Supplied data:
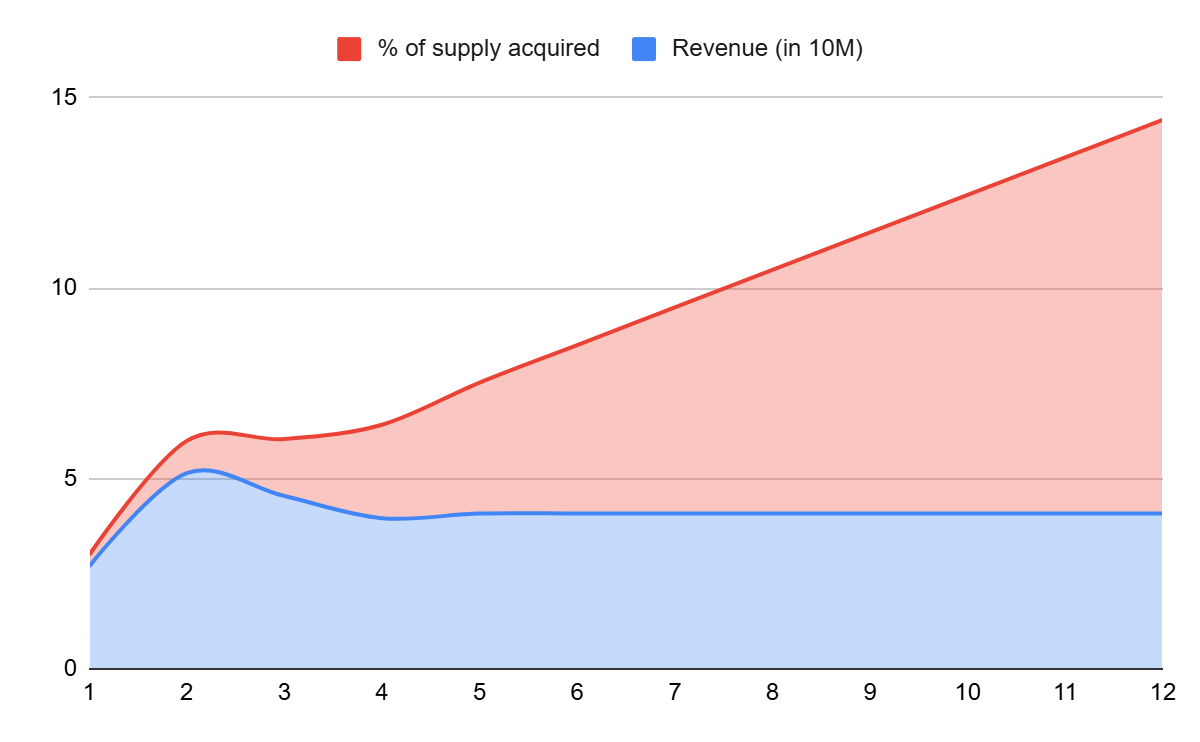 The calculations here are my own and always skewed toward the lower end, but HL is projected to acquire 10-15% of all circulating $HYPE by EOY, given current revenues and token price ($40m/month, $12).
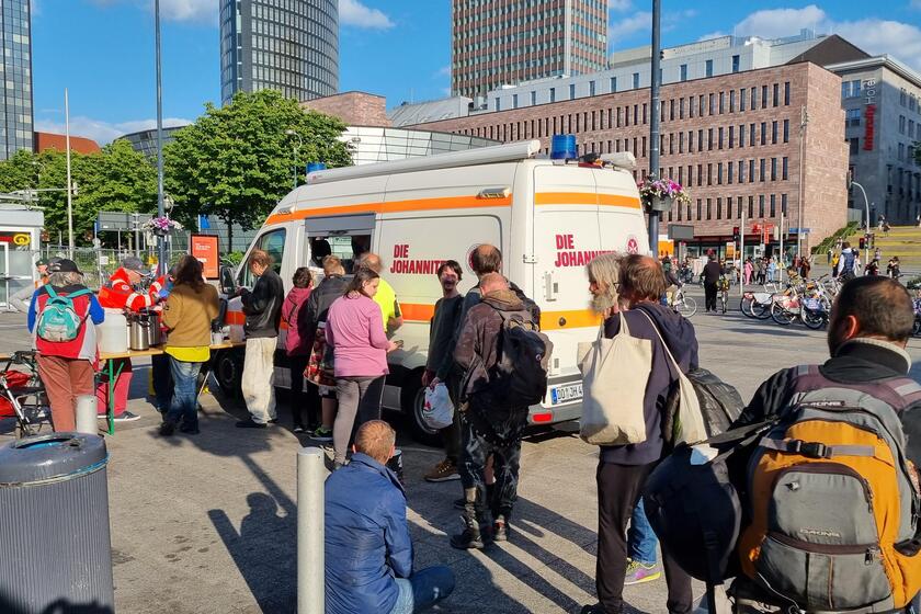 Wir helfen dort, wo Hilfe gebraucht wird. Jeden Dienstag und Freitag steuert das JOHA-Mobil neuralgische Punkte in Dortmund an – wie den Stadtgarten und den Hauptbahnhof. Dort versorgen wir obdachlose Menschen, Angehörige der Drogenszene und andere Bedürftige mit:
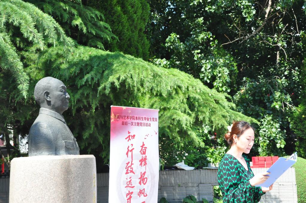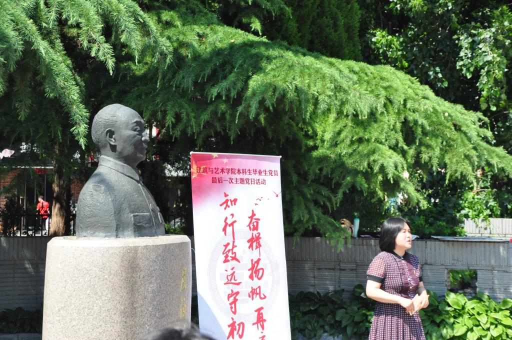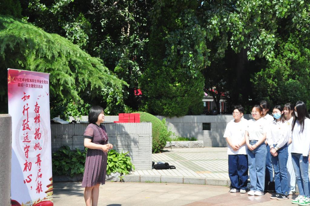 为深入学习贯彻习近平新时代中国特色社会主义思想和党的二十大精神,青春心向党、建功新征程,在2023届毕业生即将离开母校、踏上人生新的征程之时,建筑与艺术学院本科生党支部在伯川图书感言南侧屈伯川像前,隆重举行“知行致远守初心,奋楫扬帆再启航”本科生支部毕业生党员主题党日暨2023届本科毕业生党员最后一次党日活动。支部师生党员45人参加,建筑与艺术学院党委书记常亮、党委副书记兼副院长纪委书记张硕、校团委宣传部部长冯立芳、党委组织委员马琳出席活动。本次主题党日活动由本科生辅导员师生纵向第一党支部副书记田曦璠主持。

Directions for this task: Once the line holding "Wir helfen dort, wo" is found, copy it and each later line exactly through the end of the data, leaving out the pictures.

Task response:
 Wir helfen dort, wo Hilfe gebraucht wird. Jeden Dienstag und Freitag steuert das JOHA-Mobil neuralgische Punkte in Dortmund an – wie den Stadtgarten und den Hauptbahnhof. Dort versorgen wir obdachlose Menschen, Angehörige der Drogenszene und andere Bedürftige mit:
 为深入学习贯彻习近平新时代中国特色社会主义思想和党的二十大精神,青春心向党、建功新征程,在2023届毕业生即将离开母校、踏上人生新的征程之时,建筑与艺术学院本科生党支部在伯川图书感言南侧屈伯川像前,隆重举行“知行致远守初心,奋楫扬帆再启航”本科生支部毕业生党员主题党日暨2023届本科毕业生党员最后一次党日活动。支部师生党员45人参加,建筑与艺术学院党委书记常亮、党委副书记兼副院长纪委书记张硕、校团委宣传部部长冯立芳、党委组织委员马琳出席活动。本次主题党日活动由本科生辅导员师生纵向第一党支部副书记田曦璠主持。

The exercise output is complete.